Occluded Human Pose Estimation based on Limb Joint Augmentation
Gangtao Han, Chunxiao Song, Song Wang, Hao Wang, Enqing Chen, Guanghui Wang
TL;DR
The paper tackles occluded human pose estimation by introducing Limb Joint Augmentation (LJA) to simulate occlusions during training and a Dynamic Structure Loss (DSL) that leverages limb graphs to enforce dependencies among adjacent joints. LJA creates occlusion blocks around a subset of visible joints, with $v=\lceil\alpha V\rceil$ and block size $[h_o,w_o]=\beta [h,w]$, while the total loss is $L_{DSL}=L_{MSE}+\lambda L_{LSL}$, with $L_{LSL}$ computed on two limb graphs and a dynamic schedule for $\lambda$ to stabilize training. Experiments on OCHuman and CrowdPose demonstrate consistent improvements across backbones without increasing inference cost, and ablation confirms the complementary contributions of LJA and DSL, with a step-based scheduling performing best. The approach offers practical gains for real-world occlusion scenarios, improving robustness without adding computational burden at inference time.
Abstract
Human pose estimation aims at locating the specific joints of humans from the images or videos. While existing deep learning-based methods have achieved high positioning accuracy, they often struggle with generalization in occlusion scenarios.
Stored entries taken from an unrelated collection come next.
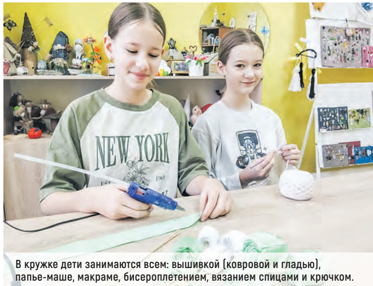
В кружке дети занимаются всем: вышивкой (ковровой и гладью), папье-маше, макраме, бисероплетением, вязанием спицами и крючком.

– Не пышные платья, а весьма простые модели, но обязательно хлопковые. Очень ценятся нату-
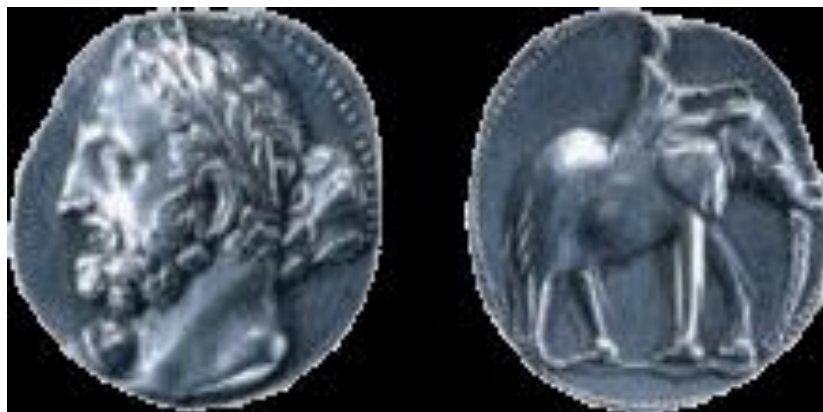
Obr. 3: Hannibal vyobrazený na stříbrném šekelu
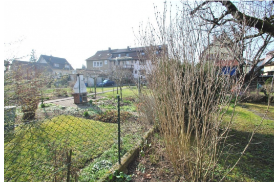
Nachbarbebauung in angenehmen Abstand
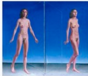
Ludmilla Siim. Peegel. 1975. Tartu Kunstimuuseum
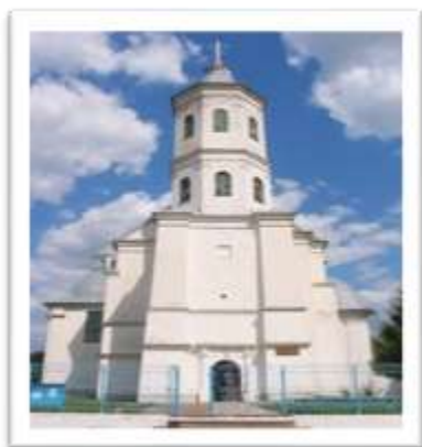
Свято-Троицкая церковь (Слоним)
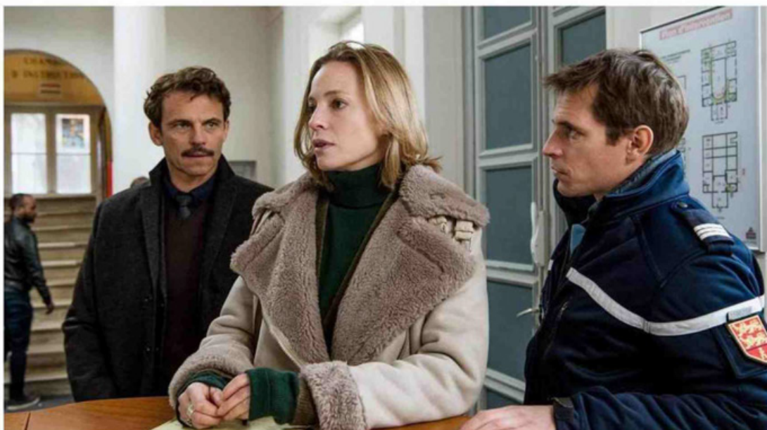
F. VIALA/AVIA PRODUCTIONS 2020 / JEAN-PIERRE DIAL TEL
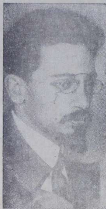
Я. М. Свердлов (1885—1919 гг.).

4 июня — 100 лет со дня рождения Я. М. Свердлова, деятеля Коммунистической партии и Советского государства.
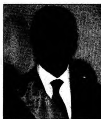
Kofi Annan

Conținutul raportului este destul de stânjenitor pentru
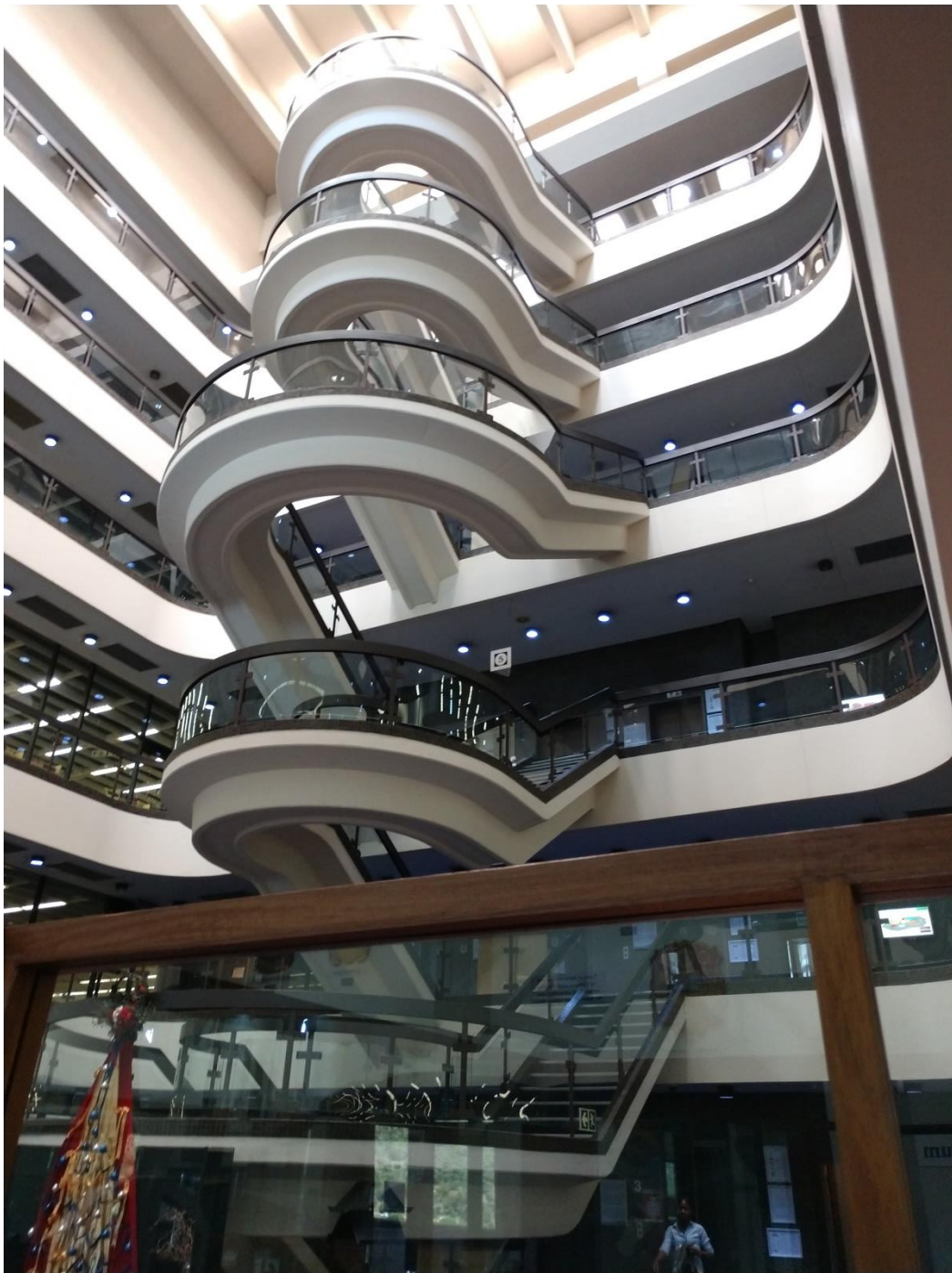
Biblioteca da Universidade de Pretória, África do Sul

In this paper, we propose an occluded human pose estimation framework based on limb joint augmentation to enhance the generalization ability of the pose estimation model on the occluded human bodies. Specifically, the occlusion blocks are at first employed to randomly cover the limb joints of the human bodies from the training images, imitating the scene where the objects or other people partially occlude the human body. Trained by the augmented samples, the pose estimation model is encouraged to accurately locate the occluded keypoints based on the visible ones. To further enhance the localization ability of the model, this paper constructs a dynamic structure loss function based on limb graphs to explore the distribution of occluded joints by evaluating the dependence between adjacent joints. Extensive experimental evaluations on two occluded datasets, OCHuman and CrowdPose, demonstrate significant performance improvements without additional computation cost during inference.